One short squeeze does not make a trend and the S&P failed to return to the prior highs.

I am recommending we add to this position when/if the SPY trades up to $210.

Original Trade Description: March 16th.

All good things must come to an end. The market appears poised to rally and produce a new leg higher. However, there is serious resistance starting at 2,075 on the S&P and continuing through 2,100. The odds are very slim that a rally will make it through that resistance ahead of the earnings cycle and assuming earnings for Q1 are as bad as the guidance we have been getting then it is even more likely the market rolls over into the "Sell in May" cycle.

Nobody can accurately pick turning points in the market on a routine basis. There are far too many things that can push and pull the indexes but at critical resistance levels we can normally anticipate at least a little reaction to those levels.

The S&P has strong resistance beginning at 2,078, which equates to $208 on the SPY. That resistance runs from 2,078 to 2,105 or roughly $211 on the SPY. I am proposing we buy puts on the SPY starting at $207 with a stop loss at $213.

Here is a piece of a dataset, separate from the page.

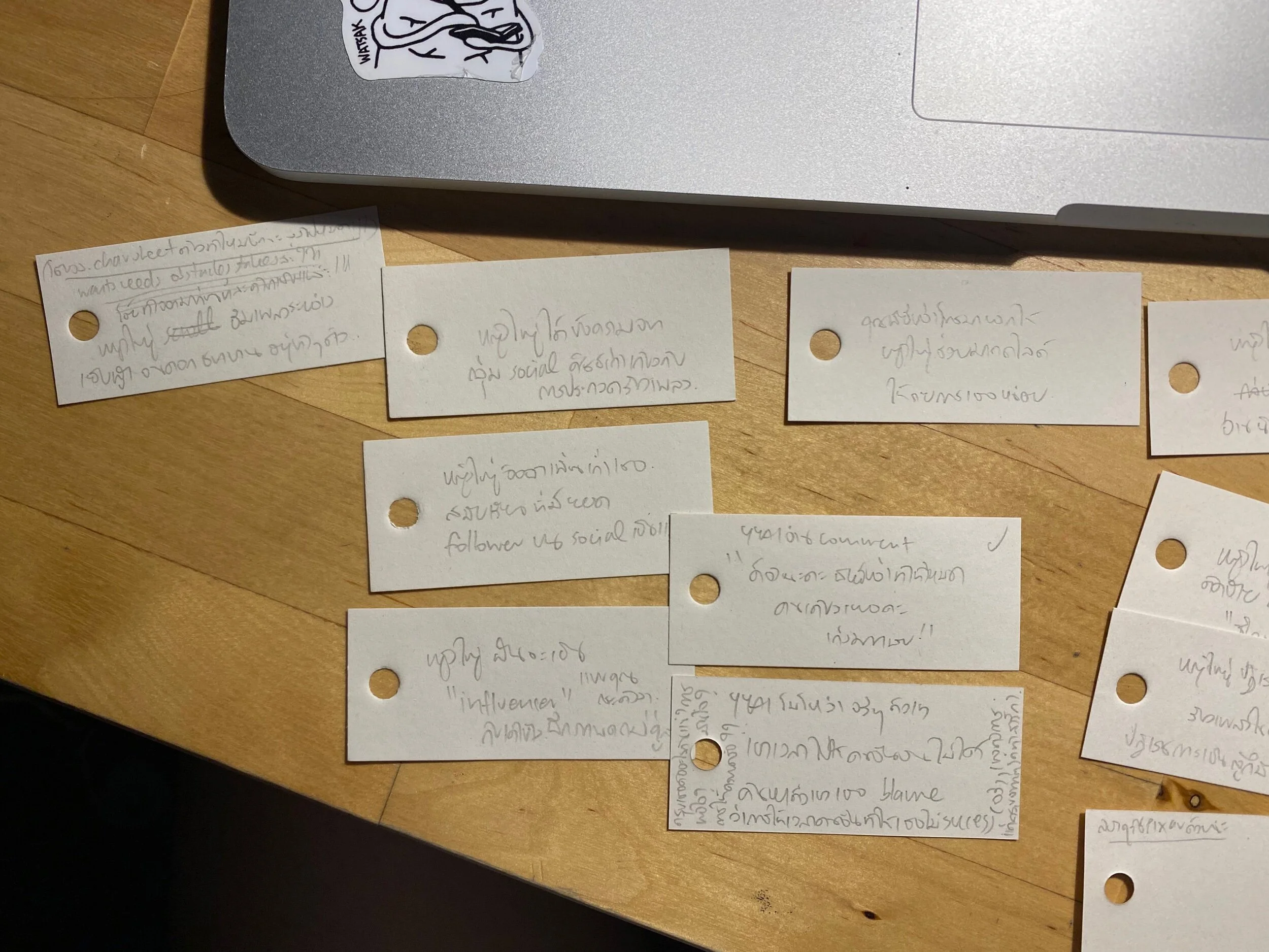 22:01 เขียน cue cards เพิ่ม งงชะมัด เพราะอ่านหลายตำรา เห้อ เหมือนจะยังติดตรง obstacles and stakes ว่ามันทำงานยังไง ตอนนี้อุปสรรคจะเกี่ยวกับเรื่องเวลาจากพี่น้องพี่หญิงใหญ่ ต้องเสียสละ แล้วสุดท้ายเธอจะได้เรียนรู้ว่า เธอไม่จำเป็นต้องเป็นที่โด่งดังในโลกโซเชียล แค่เธอมั่นใจในตัวเอง มีความสุข พอใจในสิ่งที่เธอมี ในไลค์จากพี่น้อง มนไลค์จากตัวเอง (สำคัญที่สุด) นั่นคือตอนแรกเธอเห็นไลค์ของพี่น้องก็ดีใจแล้ว ไม่สิ เธออาจจะไม่เห็นค่าตรงนั้นด้วย ตอนแรกเหมือนดีใจ แต่จริงๆก็ไม่ คือตายใจเพราะติดว่าคนใกล้ตัวไง (ทำให้ได้เรียนรู้ว่าอย่าไปเรียกร้องความรักการยอมรับจากใคร ให้เริ่มจากตัวเอง) จนเมื่อเธอหลุดจากไลค์พวกนี้ต่างหาก ถึงไม่มีใครไลน์เลย เธอก็สุขได้ สุดท้ายไปเปิดแอคเค้าไพรเวทลงร้องเองมีความสุข แล้วชบาก็บานอีกครั้ง ใช่! เย้!!!!! บางคลิปก็น้อง บางคลิปก็เต้น อะไรแบบนี้น่ะ ร้องประกวดแข่งโซเชียล ร้องชบาบาน ตอนแรกเธอคิดว่าชบาบานเพราะเธอร้องแบ้วคนฟังชอบ แต่จริงๆชบาบานเพราะเธอมีความสุขต่างหาก จากการไม่ต้องสนใจว่าใครจะชอบ แค่ทำเพราะรักที่จะทำ แค่เป็าตัวเอง มั่นใจในตัวเอง พอใจในตัวเอง เห็นคุณค่าตัวเอง ร้องเพื่อแข่งกับคุณพี่ยี่หร่า ดูมีหลาบประเด็นไปไหมนะ)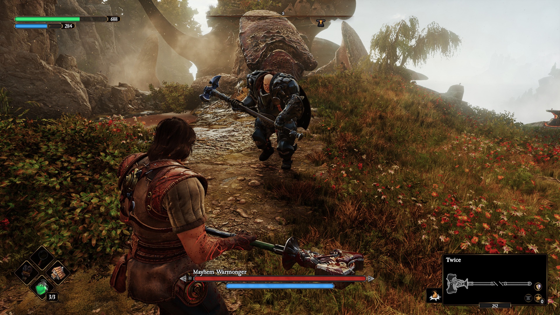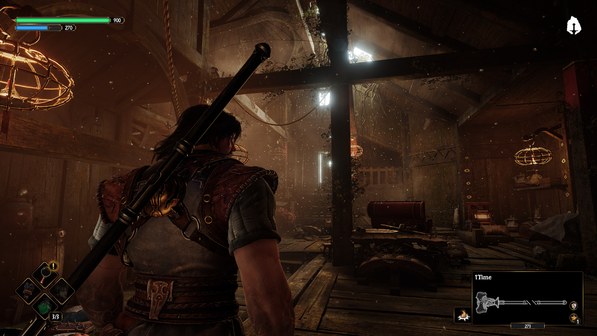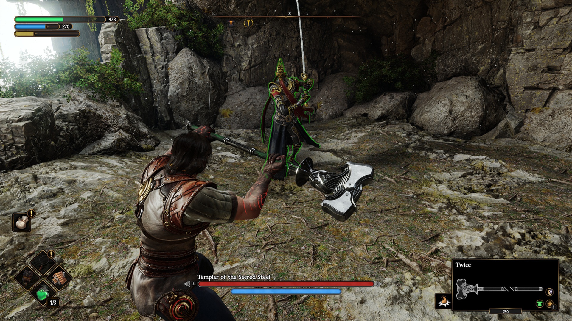 Algo que no debes olvidar, es un juego estilo soulslike, por lo que puedes bloquear y esquivar, y cada movimiento atacando o de desplazamiento, costará parte de tu barra de estamina, debes esta pendiente de hacer cada ejecución de manera acertada.

The S&P may never hit those levels or it could hit them next week. The close after the Fed decision was 2,027, which means it would still have to rally 50 points to hit our initial entry point. Once it reaches that level it will have rebounded for +268 points and would be extremely overbought when it reached that 2,078 level. That makes it even more likely it will fail when it gets there.

I am going to recommend the June $200 puts. They should cost about $4 when the SPY reaches the $207 level. I want to use June because we may not reach that resistance for a couple weeks, if at all, and once we do hit that level I want to be able to profit from any sell in May decline.

This position could go for several weeks without being triggered and there is a good chance we will not get to play it with numerous analysts calling for a failure at 2,040 and 2,050 along the way. There are analysts calling for a retest of the 1,900 level this summer with some projecting significantly lower levels. If you look hard enough you can probably find someone projecting targets a couple hundred points higher or lower than the ones discussed.

Morgan Stanley's Adam Parker slashed his price target for the S&P from 2,175 to 2,050 yesterday. Most of the major banks are in the 2,050 to 2,100 range so the expectations for a major rally from here are pretty slim.

Position 3/23/16 with SPY trade at $204.11

3/23/16: Long June $200 put @ $4.77 with SPY trade at $204.11
4/01/16: Long June $200 put @ $3.26 when SPY traded at $207.

If the market continues higher add to that position again at $210.
See portfolio graphic for stop loss.